Optimizing sampling design for landscape genomics
Data files
Nov 18, 2024 version files 13.75 GB
-
LGS_simulation_archive.tar.gz
13.75 GB
-
README.md
1.98 KB
Abstract
Landscape genomic approaches for detecting genotype-environment associations (GEA), isolation by distance (IBD), and isolation by environment (IBE) have seen a dramatic increase in use, but there have been few thorough analyses of the influence of sampling strategy on their performance under realistic genomic and environmental conditions. We simulated 24,000 datasets across a range of scenarios with complex population dynamics and realistic landscape structure to evaluate the effects of the spatial distribution and number of samples on common landscape genomics methods. Our results show that common analyses are relatively robust to sampling scheme as long as sampling covers enough environmental and geographic space. We found that for detecting adaptive loci and estimating IBE, sampling schemes that were explicitly designed to increase coverage of available environmental space matched or outperformed sampling schemes that only considered geographic space. When sampling does not cover adequate geographic and environmental space, such as with transect-based sampling, we detected fewer adaptive loci and had higher error when estimating IBD and IBE. We found that IBD could be detected with as few as nine sampling sites, while large sample sizes (e.g., greater than 100 individuals) were crucial for detecting adaptive loci and IBE. We also demonstrate that, even with optimal sampling strategies, landscape genomic analyses are highly sensitive to landscape structure and migration — when spatial autocorrelation and migration are weak, common GEA methods fail to detect adaptive loci.
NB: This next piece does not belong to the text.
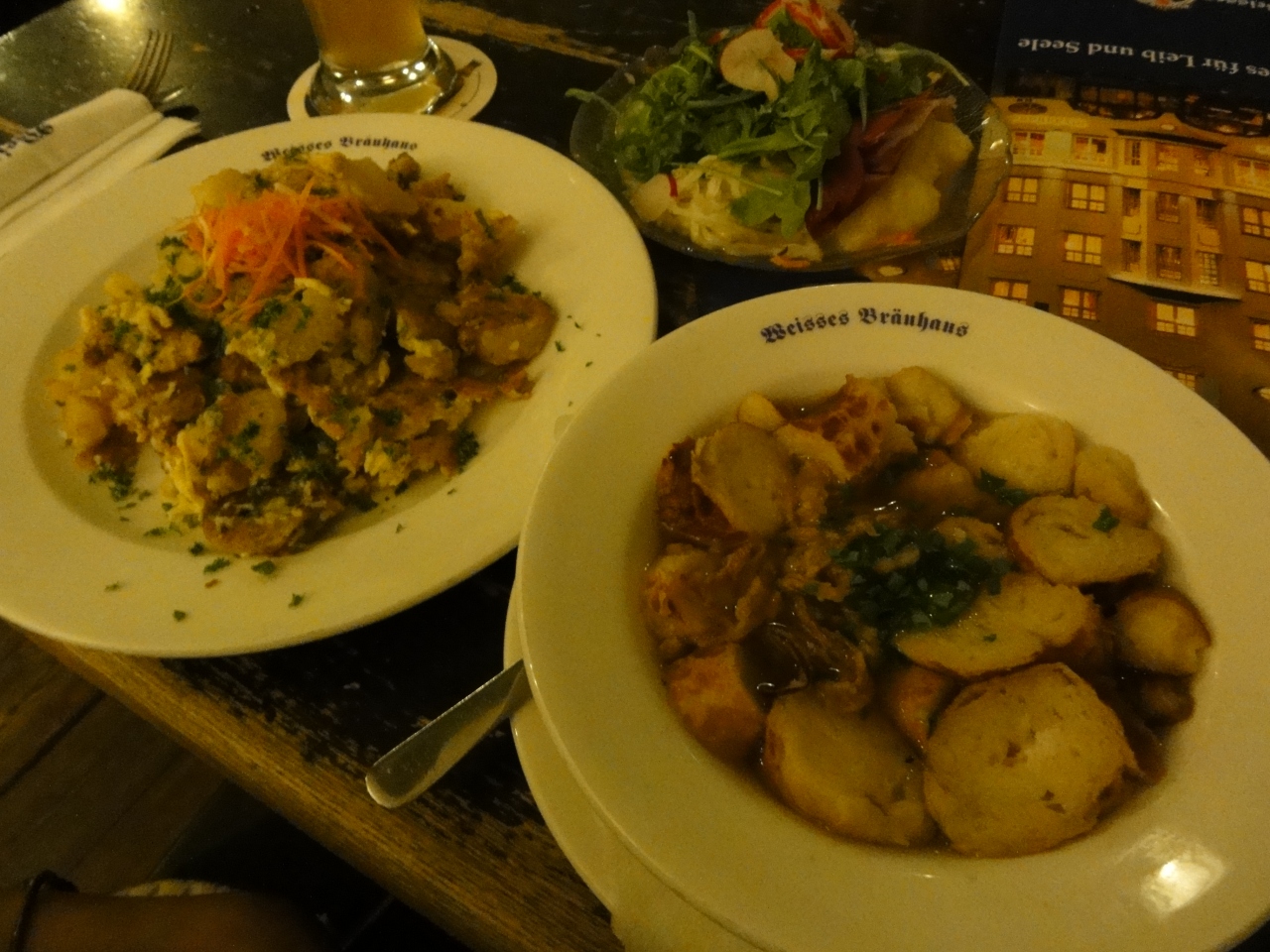 スープと5種のソーセージ盛り合わせとジャガイモの料理と・・・確か3種類くらい頼みましたが、ジャガイモの料理に別皿でサラダが付いてきたせいもあり、全然食べきれず(^▽^;)

https://doi.org/10.5061/dryad.63xsj3v8s
This dataset contains a compressed tarball (.tar.gz) with the simulation data used in “Optimizing sampling design for landscape genomics”
Description of the data and file structure
The tarball must first be unpacked. For example, this can be done using this bash code:
tar -xzvf LGS_simulation_archive.tar.gz
The tarball contains 960 pairs of CSV files and Variant Call Format (VCF) files with genomic data for each of the 960 simulations. The tarball also contains CSV files ending in NONNEUTS which provide the indices of the adaptive loci corresponding to each simulated trait.
Each file is titled as such:
mod-K[1 or 2]_phi[50 or 100]_m[25 or 100]_H[5 or 50]_r[30 or 60]_it-[1-10]_t-6000_spp-spp_0
The values within brackets represent the different low/high parameter levels (e.g., K1 = small population and K2 = large population) or the iteration (1 through 10)
File name abbreviations are:
K = population size
phi = selection strength
m = migration rate
H = spatial autocorrelation
r = environmental correlation
it = iteration
See the original paper for more information on these parameters.
The CSV files contain geospatial data for the simulated individuals. The columns are:
idx = individual ID (matches with VCF)
z = individual phenotypes ([trait1, trait2])
e = individual environments ([environment 0, environment 1, environment 2])
age = individual age (in model timesteps)
sex = individual sex
x = individual x coordinate
y = individual y coordinate
The VCF files follow standard VCF formatting and have the same IDs as the CSV files.
Code/Software
The code and additional files used to generate this data are archived on Zenodo (DOI 10.5281/zenodo.14009717)
The most recent version of this code can be found on GitHub: https://github.com/AnushaPB/LandGenSamp
This dataset was generated from simulations run in Python version 3.9.7 (Van Rossum & Drake, 2009) using Geonomics version 1.3.9 (Terasaki Hart et al., 2021). We ran simulations varying population size, migration rate, selection strength, spatial autocorrelation, and environmental correlation, each at a “low” and “high” level. We ran 10 replications of each simulation to capture variation in results due to stochasticity. Together with three sets of simulated landscapes, this produced a total of 960 simulations (30 repetitions of each of 32 unique parametrizations). This dataset contains a compressed tarball (.tar.gz) with 960 pairs of CSV files and Variant Call Format (VCF) files with genomic data for each of the 960 simulations. A complete description of the methods used to collect and process this dataset is available in the corresponding paper (Bishop et al., 2024). The corresponding code used to create these simulations is archived on Zenodo (DOI 10.5281/zenodo.14009716).